● **Data for this task**:
- - -

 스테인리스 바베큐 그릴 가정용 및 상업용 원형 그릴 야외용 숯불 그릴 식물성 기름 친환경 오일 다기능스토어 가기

- - -

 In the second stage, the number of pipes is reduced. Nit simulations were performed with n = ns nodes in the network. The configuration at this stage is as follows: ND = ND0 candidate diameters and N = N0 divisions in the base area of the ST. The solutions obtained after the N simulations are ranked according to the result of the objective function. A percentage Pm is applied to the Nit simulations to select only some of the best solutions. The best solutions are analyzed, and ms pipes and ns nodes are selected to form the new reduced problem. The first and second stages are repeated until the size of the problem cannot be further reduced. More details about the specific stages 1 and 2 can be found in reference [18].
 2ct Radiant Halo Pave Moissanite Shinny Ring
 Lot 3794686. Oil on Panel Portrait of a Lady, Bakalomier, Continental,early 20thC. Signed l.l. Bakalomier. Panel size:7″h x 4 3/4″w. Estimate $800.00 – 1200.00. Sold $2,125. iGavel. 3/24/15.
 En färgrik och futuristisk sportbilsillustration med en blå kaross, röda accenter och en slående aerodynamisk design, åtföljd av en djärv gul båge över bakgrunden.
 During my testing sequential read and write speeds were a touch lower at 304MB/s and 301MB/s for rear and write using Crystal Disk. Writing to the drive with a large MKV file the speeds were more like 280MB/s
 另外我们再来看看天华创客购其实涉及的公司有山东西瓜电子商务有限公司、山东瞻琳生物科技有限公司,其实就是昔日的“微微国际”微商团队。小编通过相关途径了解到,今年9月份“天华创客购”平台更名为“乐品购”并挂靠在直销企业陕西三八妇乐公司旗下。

- - -

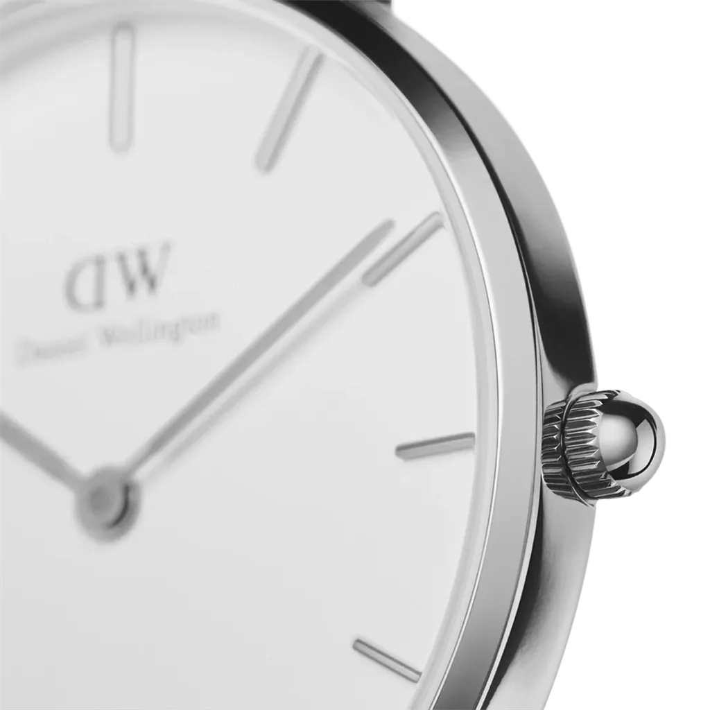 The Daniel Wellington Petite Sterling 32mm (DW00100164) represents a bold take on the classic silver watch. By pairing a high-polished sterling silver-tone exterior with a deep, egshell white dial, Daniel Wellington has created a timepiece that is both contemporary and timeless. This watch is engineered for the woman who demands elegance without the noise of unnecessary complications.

- - -

● **Your task**: Everything starting at the line containing "En färgrik och" and ending at the line containing "另外我们再来看看天华创客购其" in the records above should be repeated exactly, and only that.

● **Exercise output**:
 En färgrik och futuristisk sportbilsillustration med en blå kaross, röda accenter och en slående aerodynamisk design, åtföljd av en djärv gul båge över bakgrunden.
 During my testing sequential read and write speeds were a touch lower at 304MB/s and 301MB/s for rear and write using Crystal Disk. Writing to the drive with a large MKV file the speeds were more like 280MB/s
 另外我们再来看看天华创客购其实涉及的公司有山东西瓜电子商务有限公司、山东瞻琳生物科技有限公司,其实就是昔日的“微微国际”微商团队。小编通过相关途径了解到,今年9月份“天华创客购”平台更名为“乐品购”并挂靠在直销企业陕西三八妇乐公司旗下。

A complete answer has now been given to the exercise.